The Premier League’s controversial pay-per-view model is likely to be ditched after this weekend’s matches, the PA news agency understands.
It is understood the league is most likely to revert to the model which was in place at the start of the current season, where all matches were screened by one of the competition’s broadcast partners.
Further discussions must still take place with broadcast partners before plans can be confirmed, and pay-per-view is therefore not completely off the table.
The pay-per-view model was introduced for the games which followed the October international break, with fans needing to pay £14.95 to watch matches not selected for regular television broadcast in the UK.
The move drew immediate criticism from supporters who in many cases opted to give the money to charitable causes such as food banks instead.
PA understands any change would take effect from the round of matches on November 21, with a review of arrangements set to take place in mid-January.
The Premier League’s chief executive Richard Masters said last month the £14.95 price was “defensible”, while BT also defended it, saying it was only covering its costs in screening the matches.
The pay-per-view model came in at a time when the October 1 return of fans had been indefinitely delayed but when the English professional game continued to lobby Government to allow them back in.
The country faces different circumstances now, with a new national lockdown in place from Thursday until at least December 2.
The model Premier League clubs are understood to be edging towards after their shareholders’ meeting on Thursday would most closely resemble the arrangement which was in place when the 2020-21 season started in September.
All 28 matches in that month were shown live, with all broadcast partners – Sky Sports, BT Sport, the BBC and Amazon Prime – screening matches.
Of the 11 games that had not been selected for regular broadcast, six were shown on Sky, three on BT and one each on the BBC and Amazon.
If this model is adopted, it will represent a success for the Football Supporters’ Association, which had lobbied for the Premier League to reconsider the model owing to the changed circumstances in the country.
A spokesperson for the FSA said on Thursday: “Supporters made clear their revulsion at the £15 cost to see their teams on Sky and BT Sport’s pay-per-view platforms last month, an emotion running so deep that fan protests across the country even reached the ears of untouchable Premier League club owners.
“We await to see the detail of what the Premier League and its broadcasters will now offer supporters who remain locked out of grounds for the foreseeable future – they simply must come up with a solution that is affordable for all.”
One Premier League club told PA on Wednesday that they supported the PPV model, albeit with a reduced price of £10 per match.
The Premier League said in a statement: “Discussions with all stakeholders are ongoing and a broadcast solution will be announced in due course.”
The clubs also discussed an improved financial offer to the EFL, with the top-flight competition emphasising that its rescue package remained “on the table”.
The Premier League said in a statement after Thursday’s meeting: “The offer guarantees no EFL club need go out of business as a result of the pandemic in the 2020/21 season, and our intention is to play an active role in helping clubs return to financial stability. The Premier League will engage directly with any EFL club that is suffering severe financial losses due to the pandemic, and will remain in dialogue with the EFL on this important issue.”
EFL board member Steve Curwood said on Wednesday that he and his fellow directors would consider the new offer – which he said was a £30million emergency loan facility for Championship clubs – at a board meeting on Thursday.
That followed an initial £50million offer from the Premier League which the EFL rejected.
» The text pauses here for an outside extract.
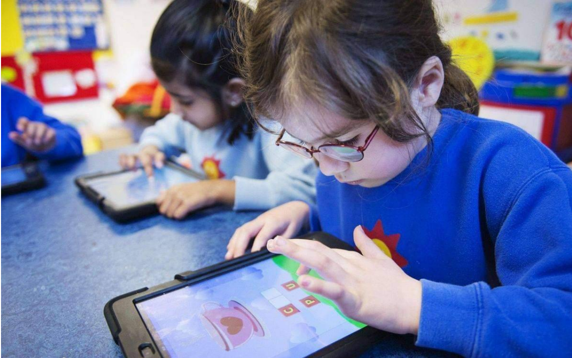
كم هي مشدودة للوحة الإلكترونية

Curwood said that even adding in the new money, it still “barely touched the sides” of what was needed.
EFL chairman Rick Parry has repeatedly stated that clubs need £250million to cover matchday revenue shortfalls from last season and this term.
It is understood clubs also received an update on talks between the Premier League and the Football Association on overseas player numbers post-Brexit.
They were told talks were progressing well, but no definite position has been reached.
The FA’s position had been to reduce the number of non-homegrown players in a squad from 17 to 13.
Leeds director of football Victor Orta said on Thursday he felt the existing system was the best one, and that young English talent would flourish by playing with the highest-quality players from overseas.
“What is better, the quantity or the quality?” he said.
“When the high level of the league gives quality, a lot of English players develop. That helped with Spain. What was the reason Spain won the World Cup? Because a lot of young talent developed abroad and improved its level.
“In other countries like Russia where I worked, they reduced the number of work permits – what has happened with the national team? It is better with the quality.
“We have the responsibility to improve the quality of players, we have invested in our youth facilities but we need to be careful not to take decisions which could be worse for the future. Please don’t use a political situation to say it improves things, because it’s going to be worse in my opinion.”